A powerful internal catalyst to fuel growth, such as an innovative product or a cutting-edge business model.

Operating in a thriving business sector, helped by favorable government regulations, technology and/or demographics. In fact, more than 80% of my portfolio consists of four of the most promising sectors—biotech and health-care services…information technology (such as cloud-based software)…upscale retailers…and regional banks.

7 Attractive Stocks Now

The following stocks meet my criteria and have the potential to beat returns of the broad market over the next several years…

Acadia Healthcare (ACHC). With 225 facilities in 37 states, the UK and Puerto Rico, Acadia is a dominant player in the field of ­inpatient psychiatric hospitals and addiction-treatment centers. Its growth has been fueled by aggressive acquisitions and government legislation such as the Affordable Care Act, which expands coverage for ­mental-health ­services and substance-abuse treatments. Recent share price: $63.69.

Alnylam Pharmaceuticals (ALNY). This biotech firm was founded by a molecular biologist who won the
Nobel Prize in 1993 for his work with DNA. It is developing a new class of drugs that treats disease at a ­genetic level—interrupting the activities of genes that generate disease-causing proteins.

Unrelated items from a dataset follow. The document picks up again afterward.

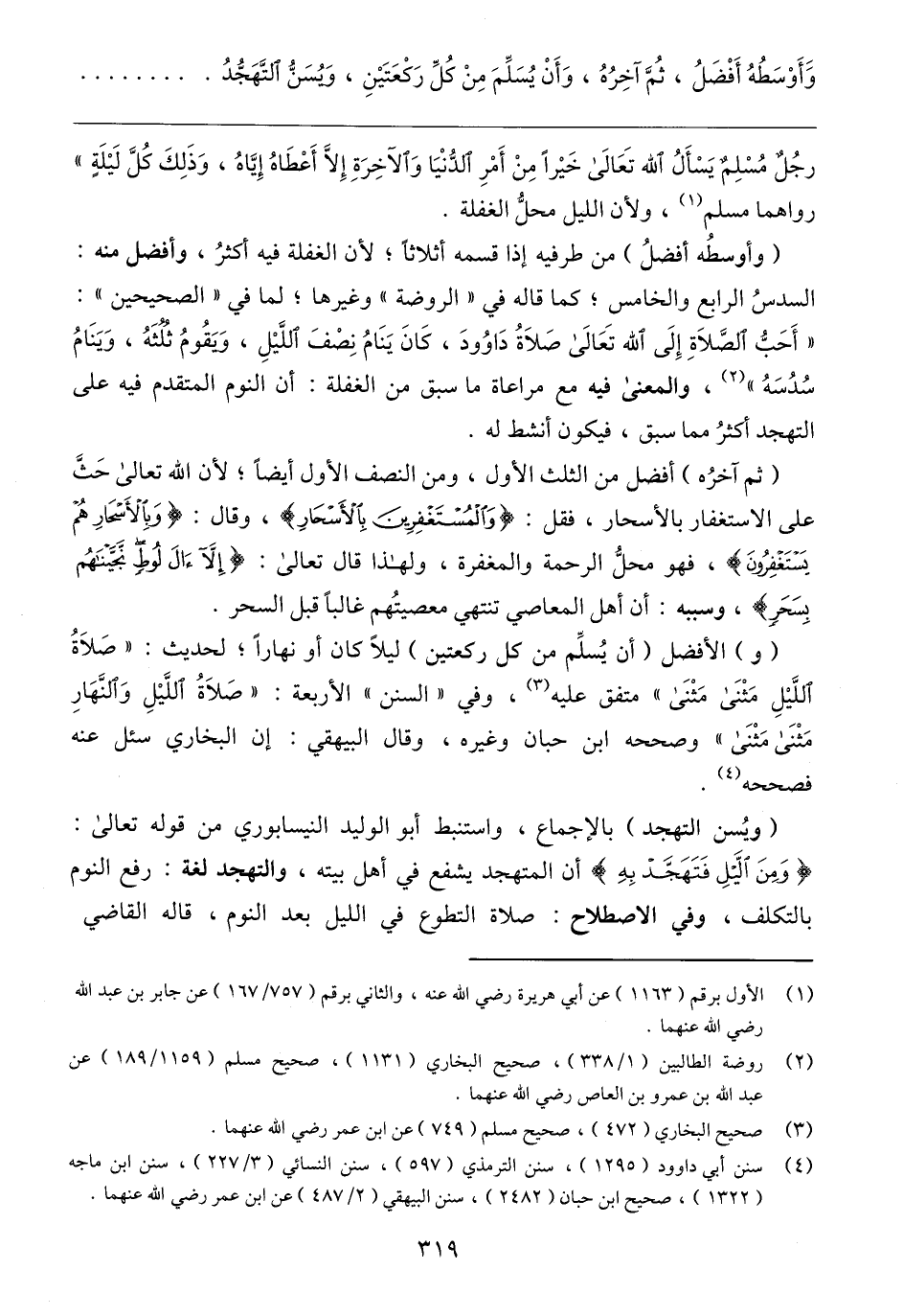 (٢) روضة الطالبين (١/ ٣٣٨)، صحيح البخاري (١١٣١)، صحيح مسلم (١١٥٩/ ١٨٩) عن عبد الله بن عمرو بن العاص رضي الله عنهما.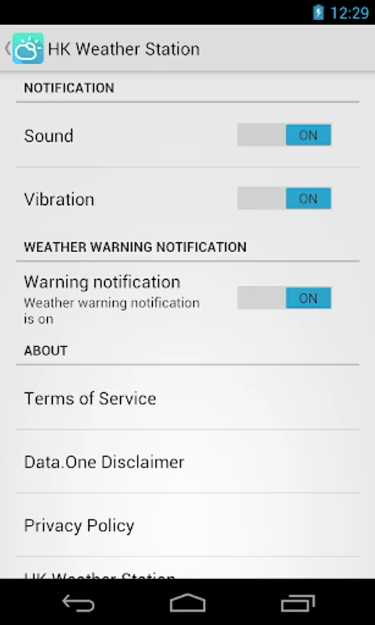 A server is specially setup for this app to provide weather warnings notifications (can be enabled in app settings), you can now receive weather warnings without opening the app.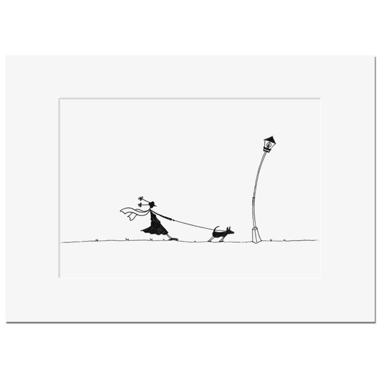 Die Motive für diese Serie zeichne ich mit Spitzfeder und Tusche auf speziellem Zeichenkarton. Dabei versuche ich, die Szene auf ein Minimum zu reduzieren und die Komik der Situation mit möglichst wenigen, klaren Strichen festzuhalten.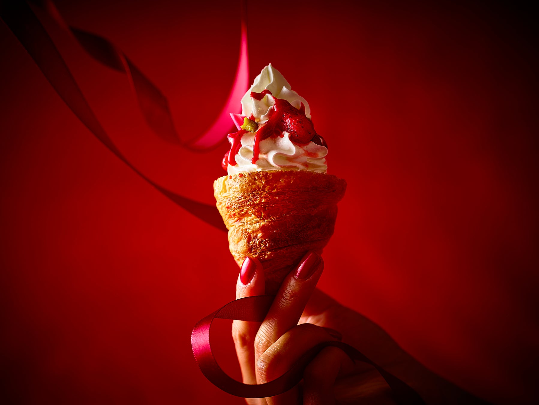 違う種類のスイーツを掛け合わせて作られた「ハイブリッドスイーツ」は新登場。「クロワッサン」と「ソフトクリーム」を掛け合わせた『いちごのクロ&ソフ』は、クロワッサンをコーンに見立て、その上にソフトクリームを絞りました。優しい甘さのソフトクリームと甘酸っぱいベリーソースを、クロワッサンコーンと一緒にいただく新感覚のスイーツは必食です。
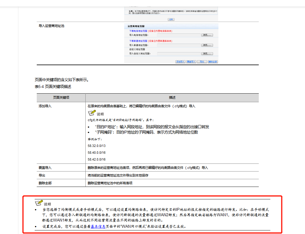 当您选择了均衡模式或者手动模式后,可以通过设置均衡路由表,使访问特定目的IP地址的报文按指定的链路进行转发。比如:在手动模式下,您可以通过导入新联通的均衡路由表,使访问新联通的流量都通过WAN2转发;然后再指定缺省链路为WAN1,使非访问新联通的流量都通过WAN1转发,从而达到不同运营商流量在不同的链路上转发的目的。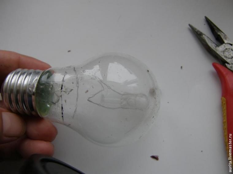 Продолжаем резать, очень нежно по кругу. Уже на 2-3 круге лампочка сама треснет в нужных местах.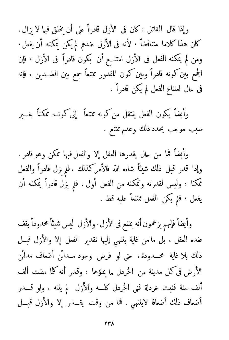 وَإِذَا قَالَ الْقَائِلُ: كَانَ فِي الْأَزَلِ قَادِرًا عَلَى أَنْ يَخْلُقَ فِيمَا لَا يَزَالُ كَانَ هَذَا كَلَامًا مُتَنَاقِضًا لِأَنَّهُ فِي الْأَزَلِ عِنْدَهُمْ لَمْ يَكُنْ يُمْكِنُهُ أَنْ يَفْعَلَ وَمَنْ لَمْ يُمْكِنْهُ الْفِعْلُ فِي الْأَزَلِ امْتَنَعَ أَنْ يَكُونَ قَادِرًا فِي الْأَزَلِ؛ فَإِنَّ الْجَمْعَ بَيْنَ كَوْنِهِ قَادِرًا وَبَيْنَ كَوْنِ الْمَقْدُورِ مُمْتَنِعًا جَمْعٌ بَيْنَ الضِّدَّيْنِ فَإِنَّهُ فِي حَالِ امْتِنَاعِ الْفِعْلِ لَمْ يَكُنْ قَادِرًا. وَأَيْضًا يَكُونُ الْفِعْلُ يَنْتَقِلُ مِنْ كَوْنِهِ مُمْتَنِعًا إلَى كَوْنِهِ مُمْكِنًا بِغَيْرِ سَبَبٍ مُوجِبٍ يُحَدِّدُ ذَلِكَ وَعَدَمٍ مُمْتَنِعٍ. وَأَيْضًا فَمَا مِنْ حَالٍ يُقَدِّرُهَا الْعَقْلُ إلَّا وَالْفِعْل فِيهَا مُمْكِنٌ وَهُوَ قَادِرٌ وَإِذَا قُدِّرَ قَبْلَ ذَلِكَ شَيْئًا شَاءَهُ اللَّهُ فَالْأَمْرُ كَذَلِكَ فَلَمْ يَزَلْ قَادِرًا وَالْفِعْلُ مُمْكِنًا؛ وَلَيْسَ لِقُدْرَتِهِ وَتَمَكُّنِهِ مِنْ الْفِعْلِ أَوَّلَ فَلَمْ يَزَلْ قَادِرًا يُمْكِنُهُ أَنْ يَفْعَلَ فَلَمْ يَكُنْ الْفِعْلُ مُمْتَنِعًا عَلَيْهِ قَطُّ. وَأَيْضًا فَإِنَّهُمْ يَزْعُمُونَ أَنَّهُ يَمْتَنِعُ فِي الْأَزَلِ وَالْأَزَلُ لَيْسَ شَيْئًا مَحْدُودًا يَقِفُ عِنْدَهُ الْعَقْلُ بَلْ مَا مِنْ غَايَةٍ يَنْتَهِي إلَيْهَا تَقْدِيرُ الْفِعْلِ إلَّا وَالْأَزَلُ قَبْلَ ذَلِكَ بِلَا غَايَةٍ مَحْدُودَةٍ حَتَّى لَوْ فُرِضَ وُجُودُ مَدَائِنَ أَضْعَافِ مَدَائِنِ الْأَرْضِ فِي كُلِّ مَدِينَةٍ مِنْ الْخَرْدَلِ مَا يَمْلَؤُهَا؛ وَقُدِّرَ إنَّهُ كُلَّمَا مَضَتْ أَلْفُ أَلْفُ سَنَةٍ فَنِيَتْ خَرْدَلَةٌ فَنَى الْخَرْدَلُ كُلُّهُ وَالْأَزَلُ لَمْ يَنْتَهِ وَلَوْ قُدِّرَ أَضْعَافُ ذَلِكَ أَضْعَافًا لَا يَنْتَهِي. فَمَا مِنْ وَقْتٍ يُقَدَّرُ إلَّا وَالْأَزَلُ قَبْلَ ذَلِكَ.

Although Alnylam has no drugs approved by the Food and Drug Administration, it has one of the richest and most exciting pipelines of biotech drugs in FDA clinical trials. Recent share price: $77.40.

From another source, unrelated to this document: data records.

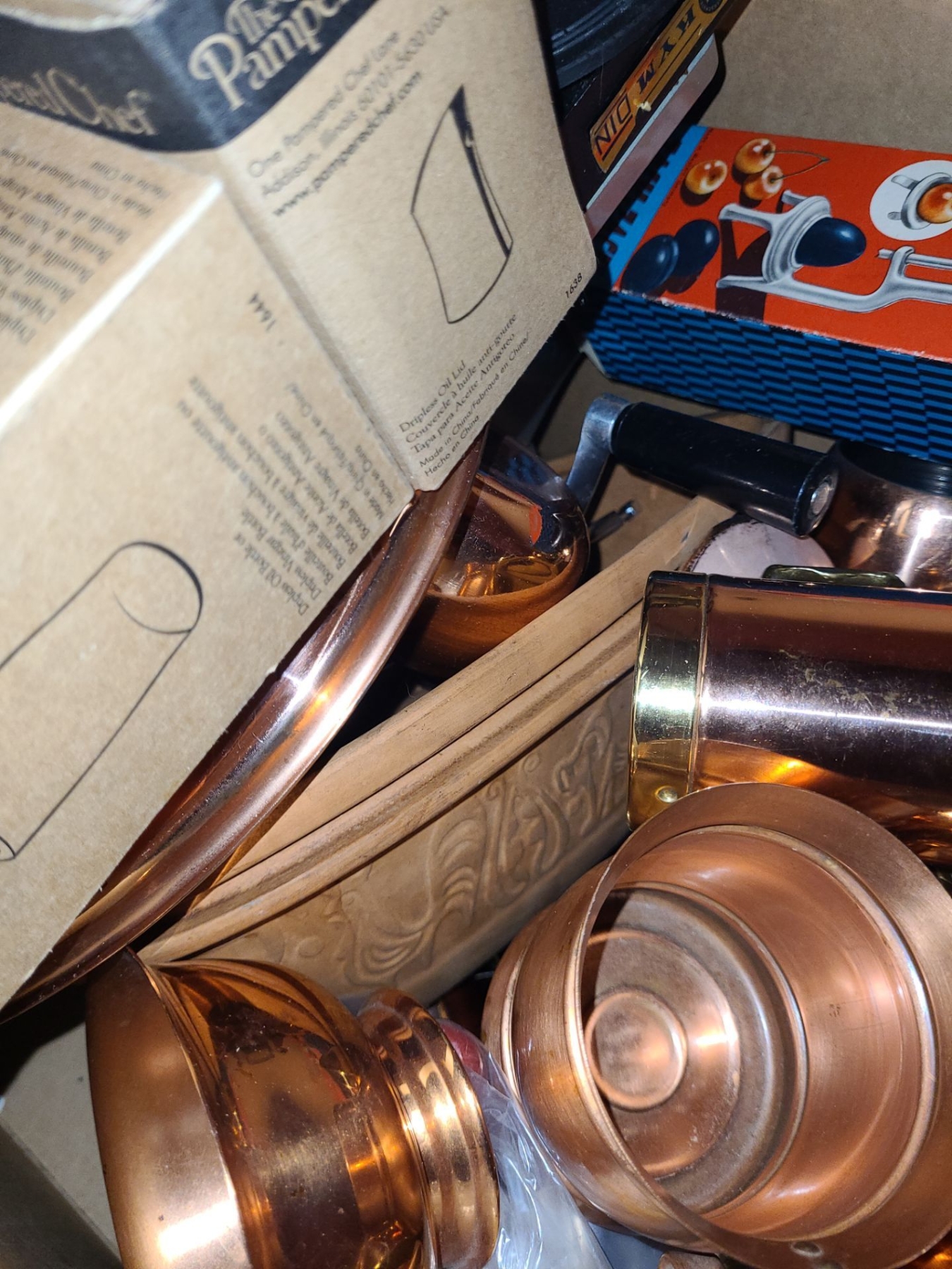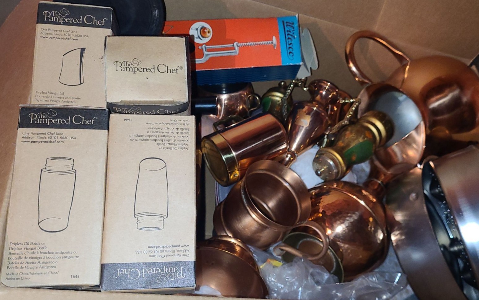 Box of Kitchenware: Pampered Chef Dripless Oil/ Vinegar Bottles, Rival Roaster and More!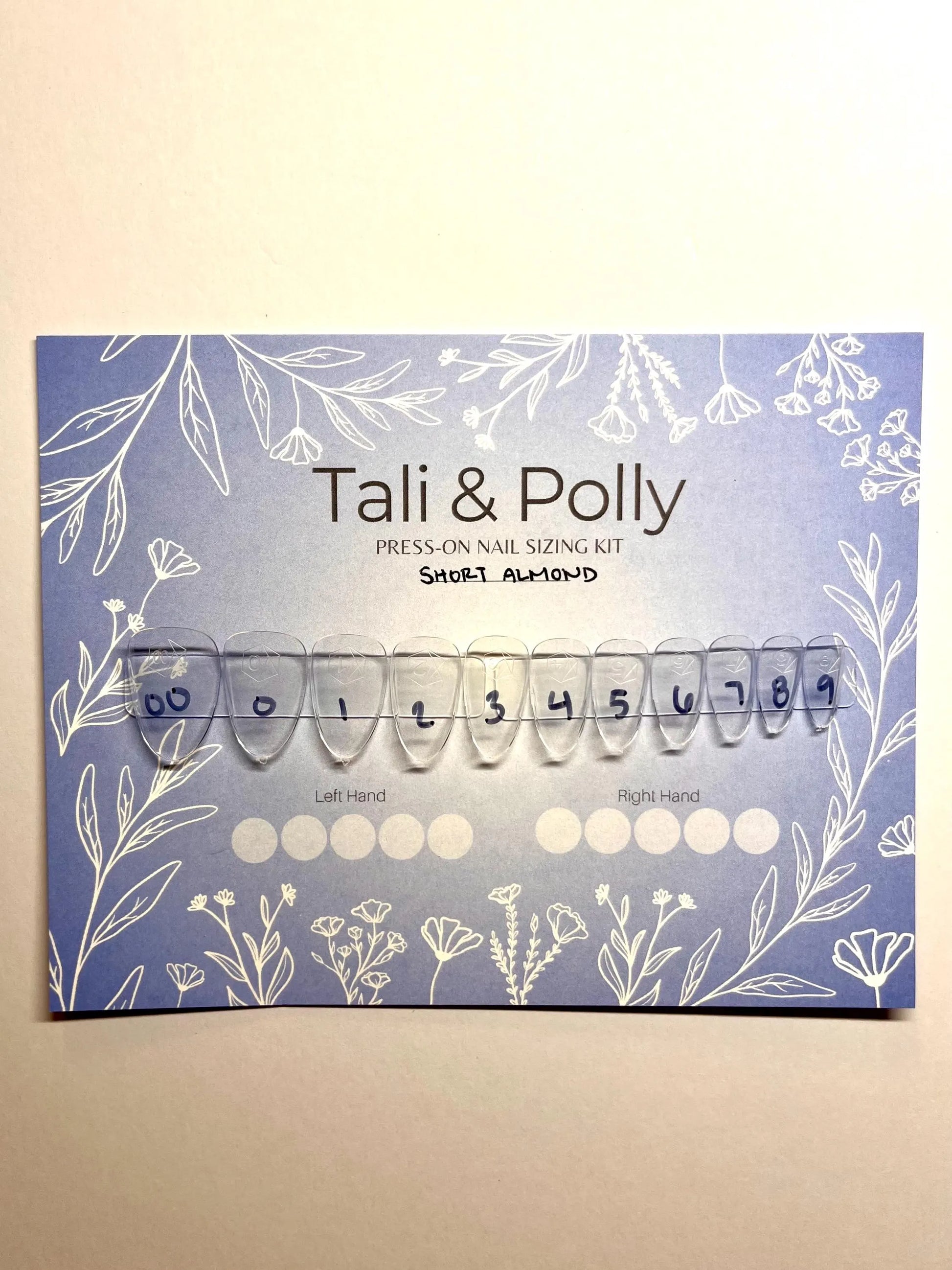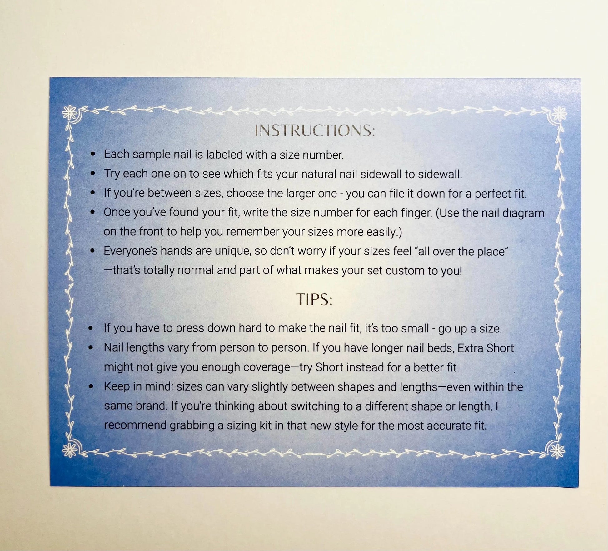 • This sizing kit is specific to my shop and the press-on nails I create. Sizes may not match other shops or brands.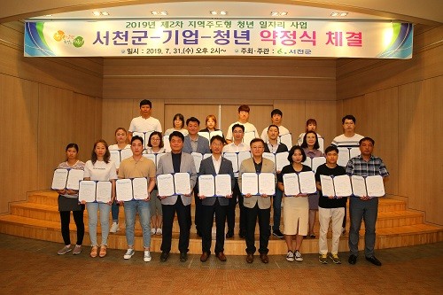 서천군은 지난 31일 문예의 전당 소강당에서 2019년 제2차 지역주도형 청년 일자리 사업으로 ‘서천군-기업-청년 약정’을 체결했다.

Bank of the Ozarks (OZRK). A regional bank with just 164 branches might not be thought of as a growth stock. But Arkansas-based Bank of the Ozarks has become a juggernaut by acquiring the assets of weaker competitors in surrounding states. The strong regional economy of the Southeast has helped the bank build a lucrative business
in commercial real estate loans that’s now expanding into California, New York and Texas. Recent share price: $43.

FireEye (FEYE). This computer-­security firm has earned a reputation as the specialist to call after high-profile corporate data breeches, helping companies such as JPMorgan Chase, Sony Pictures and Target recover from attacks by hackers. But the majority of FireEye’s revenue comes from selling software to corporations to prevent such intrusions. The information-security market is expected to grow by more than 10% annually, from $106 billion in revenues in 2015 to $170 billion in 2020. Recent share price: $31.23.

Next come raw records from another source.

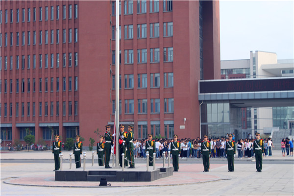 2015518日上午7点,政法学院在科学校区东西塔之间举行升旗仪式,各班同学准时到达。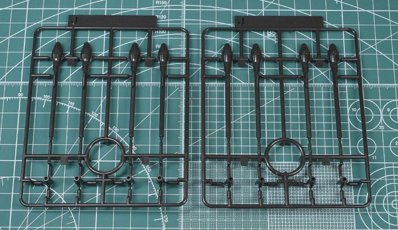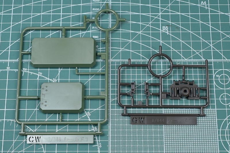 ↑CW、GWランナー。CWはグリーン成形色、GWはダークグレー成形色で、ともにシールドパーツです。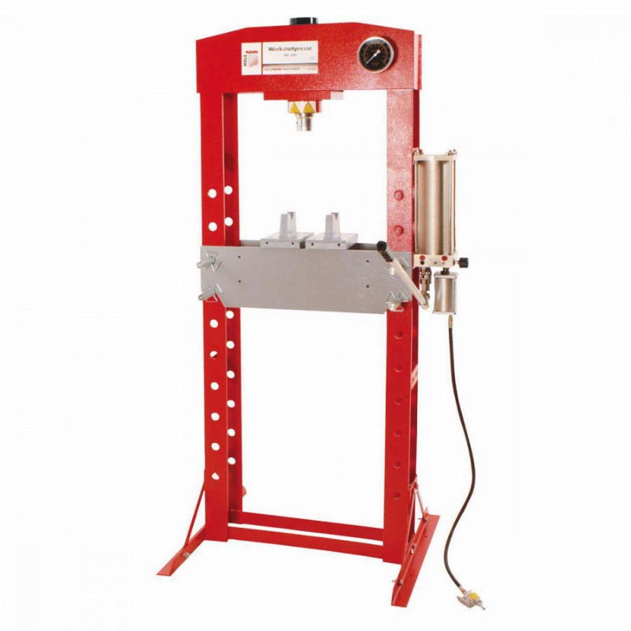 kényelmes sajtolási, hajlítási és egyengetési munkákhoz manométer jelzi a nyomóerőt tökéletes műhelyi segítség a karbantartáshoz és összeszereléshez Tömör egyfokozatú pneumatikus hidraulikus henger automatikus dugattyú-visszatérés Állítható asztalmagasság Asztalmagasság beállítása forgattyús karral Nyomásszabályozás manuálisan hidraulikus kézi szivattyúval v

IDEXX Laboratories (IDXX). The world leader in diagnostic products and services for pets and livestock is benefiting from several intersecting trends. Sixty-five percent of US households now owns a pet, compared with just 56% in 1988. Moreover, spending on pet products and services is expected to increase by 6.5% annually over the next five years. IDEXX has been far more innovative than competitors in developing new products, such as single-use test kits that give veterinarians blood and urine test results in just 10 minutes. Recent share price: $72.03.

Restoration Hardware (RH). Since 2011, this home-furnishings retail chain has nearly doubled its revenue using a daring strategy. Restoration Hardware has attracted customers by opening 15,000-square-foot showrooms and mailing out annual catalogs that have more than 2,500 pages. This year, the company is introducing two new concepts—RH Modern, which focuses on designs that freshen up its signature classical style…and RH Teen, which offers high-quality furnishings for teens. Recent share price: $92.32.

Splunk (SPLK). The software company helps more than 10,000 customers, ranging from Macy’s and Toyota to the US Department of State, analyze the data they collect every day from their websites and from transactions with customers. Splunk’s patented software can reveal patterns of fraudulent activities, as well as customer behaviors that can suggest ways to save money and profit. Recent share price: $54.44.